Cliff was justifiably alarmed by the notion that the Red Army could create a workers state. He argued that the overthrow of capitalism could only be achieved by the working class, therefore the East European states must still be capitalist. The structural similarity between East Europe and the USSR showed, not that the East European states were workers states, but that the USSR was also capitalist. Any other conclusion, he claimed, contradicted the concept of socialism as the self-liberation of the working class. This claim was untrue. While the Red Army could not replace the workers and create socialism, it could (and did) impose the USSR’s “Asiatic” system on the occupied countries.

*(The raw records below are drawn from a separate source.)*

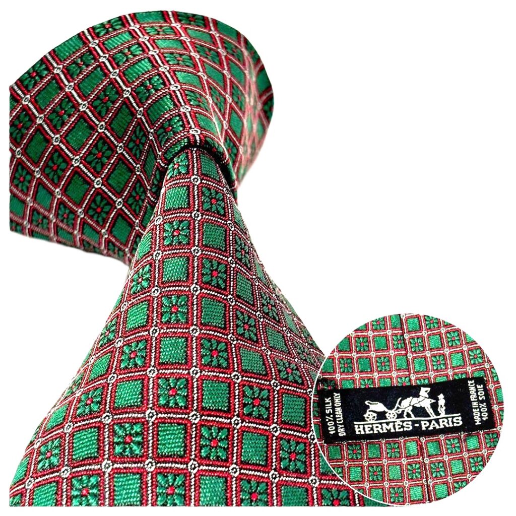 HERMES Silk Tie Green Plaid Made in France Authentic
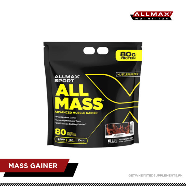 Introducing AllMax Sport – AllMass Advanced Muscle Builder. Our Advanced Muscle Builder mixes instantly in ice-cold water or milk and tastes like a thick frothy post workout shake. Get a massive 2000 calories and 80 grams of protein in every 5 scoops.
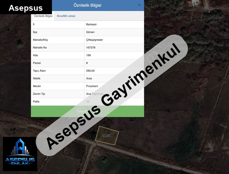 Asepsus Emlak'tan çifteçeşmeler mh. 'sinde satılık arsa
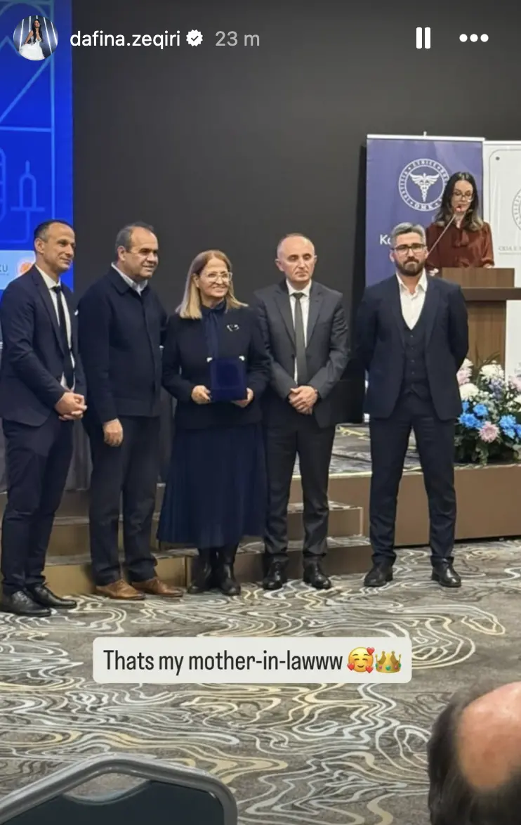 Një nga fotot e postuara tregon vjehrrën e Dafinës duke mbajtur në duar çmimin, ndërsa Dafina ka shkruar me emocion: “Kjo është vjehrra ime!”.
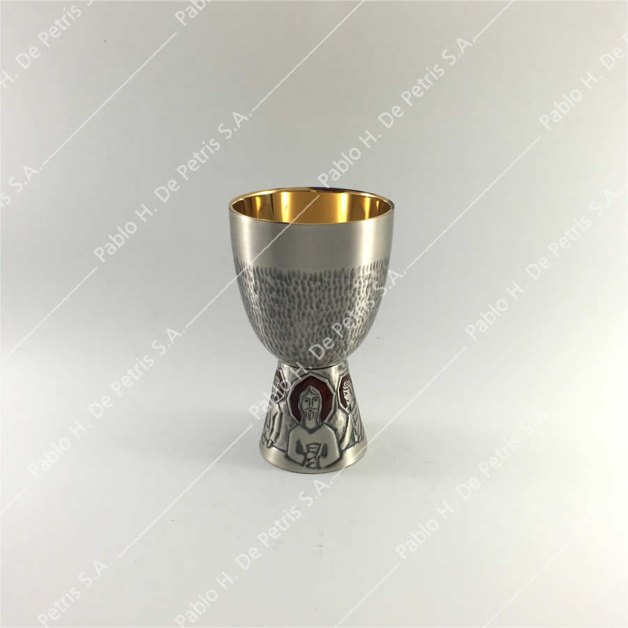 Realizado en bronce con interior bañado en oro y exterior bañado en plata en dos tonos. Ornamentación cincelada y trabajada con esmaltes orneados.
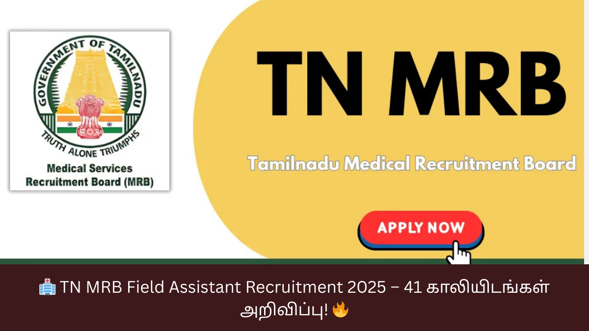 HomeNewsவேலைவாய்ப்பு செய்திகள்🏥 TN MRB Field Assistant Recruitment 2025 – 41 காலியிடங்கள் அறிவிப்பு! 🔥
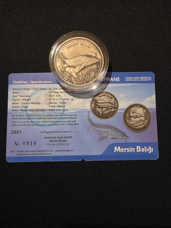 2021 - Mersin Balığı Sertifikalı Gümüş Hatıra Para - Sertifikalı başlıklı ürün, Efemera, Müzik, Sinema > Nümismatik, Para, Madalya > Hatıra Paraları > Hatıra Parası kategorisi altında İkinci El olarak satılmaktadır.
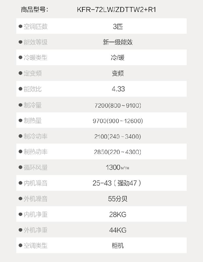 广电优选 长虹KFR-72LW/ZDTTW2+R1大3P变频一级能效 柜式空调
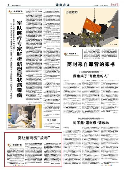 84消毒液在使用時切記要注意以下幾點,確保安全和有效。請關(guān)注今日出版的《解放軍報》的詳細報道——
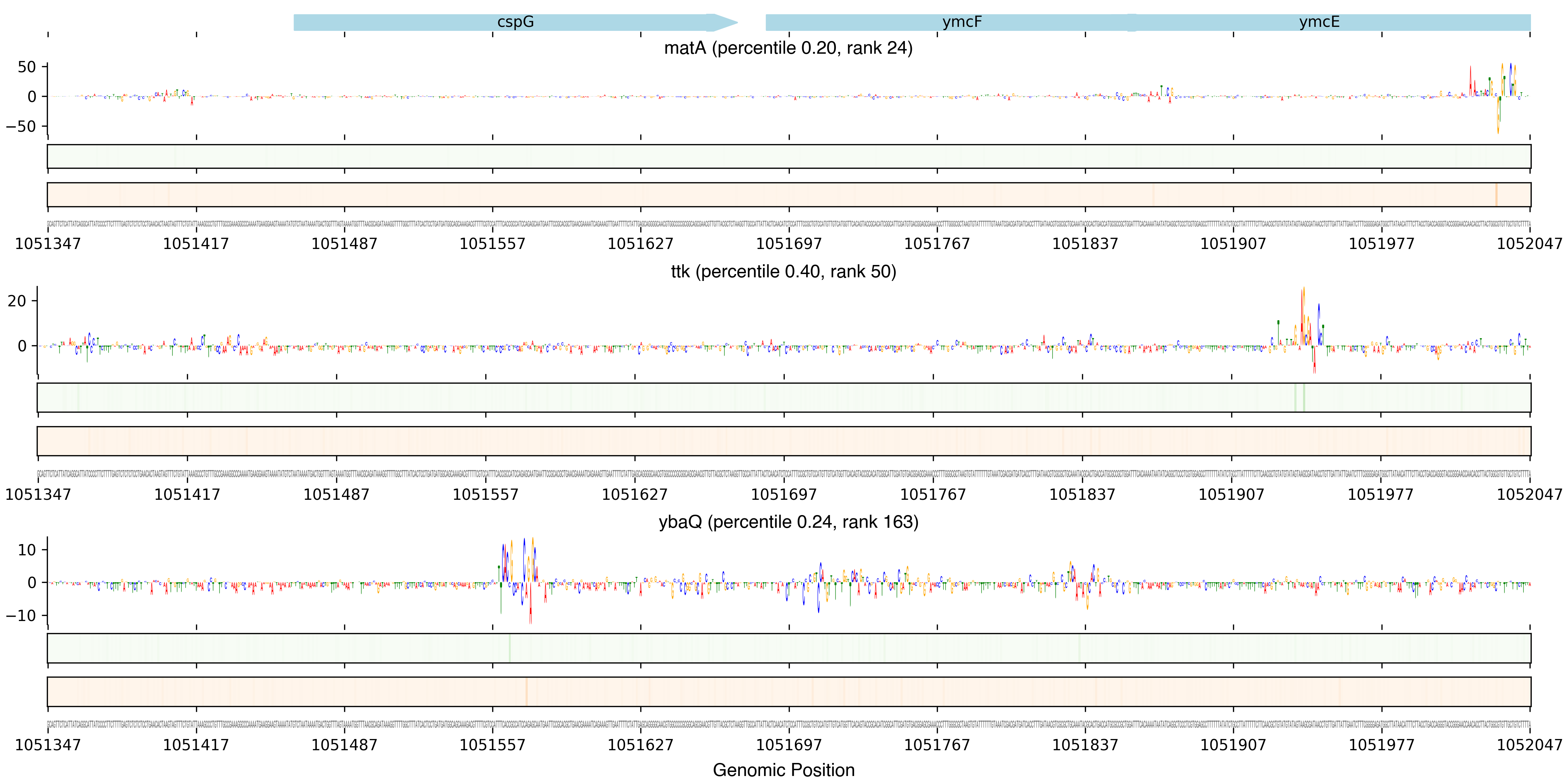 Top row shows gene annotations. Each set of panels beneath the annotation row shows the predictions for one TF. The sequence logo shows the contribution of the base at each position to the overall binding affinity, with bases above the horizontal axis contributing positive binding affinity and bases below contributing negative binding affinity. The heatmaps below the sequence logos show the exponentiated binding score at each position (the exponentiated score of the weight matrix and bias at that position). The top heatmap in green shows hits on the positive strand, and the bottom heatmap in red shows hits on the negative strand.

Cliff does not appear to have considered this possibility, which does not contradict the idea that only the working class can take human society forward from capitalism. So Cliff’s conclusion that the USSR was some sort of capitalism was decided at the outset. His theoretical arguments are decorative word spinning, in order that his presupposition (that the USSR was an example of the militarised state capitalism discussed by Bukharin in 1915) might appear to be a conclusion from his “analysis”. However, Cliff’s book was not all pretentious (and preposterous) “theory”; Cliff also asked the question: is labour-power a commodity in the USSR? Today, SWP theoreticians can effortlessly deduce that labour-power in the USSR was a commodity because the USSR was state capitalist. In 1948, Cliff was better than that. He investigated Soviet labour legislation and concluded — No, workers in the USSR do not even have the limited freedom of workers in capitalist countries. This created severe difficulties for the theory of state capitalism, but they were conjured away with more word spinning. Cliff’s supporters still claim that he has given us a unique insight into the nature of the USSR, but they have “taken out insurance” by deciding (without the bother of examining the evidence) that labour-power was always a commodity in the USSR, even in the Stalin era. In the real (as opposed to “state capitalist”) USSR, the first steps towards wage-labour were Khrushchev’s reforms of 1956. In his history (p356), Alec Nove writes: “Workers were now free to leave their jobs, though subject to some limitations on movement owing to the passport system, thus it was still very hard to obtain permission to live in Moscow and some other big cities. None the less, greater unplanned labour mobility was a fact, and this, plus the abolition of most of the forced-labour camps, complicated the process of planning and made wage relativities of ever greater economic significance.” According to the Maoists, this was treason against socialism and the restoration of capitalism! Capitalism was eventually restored, but it could be said in Khrushchev’s “defence” that his reforms were only the beginning — and he had no intention of going all the way. The Soviet empire was still patrolled by armed border guards (keeping people in), and any suggestion of collective wage bargaining was still anathema to the regime.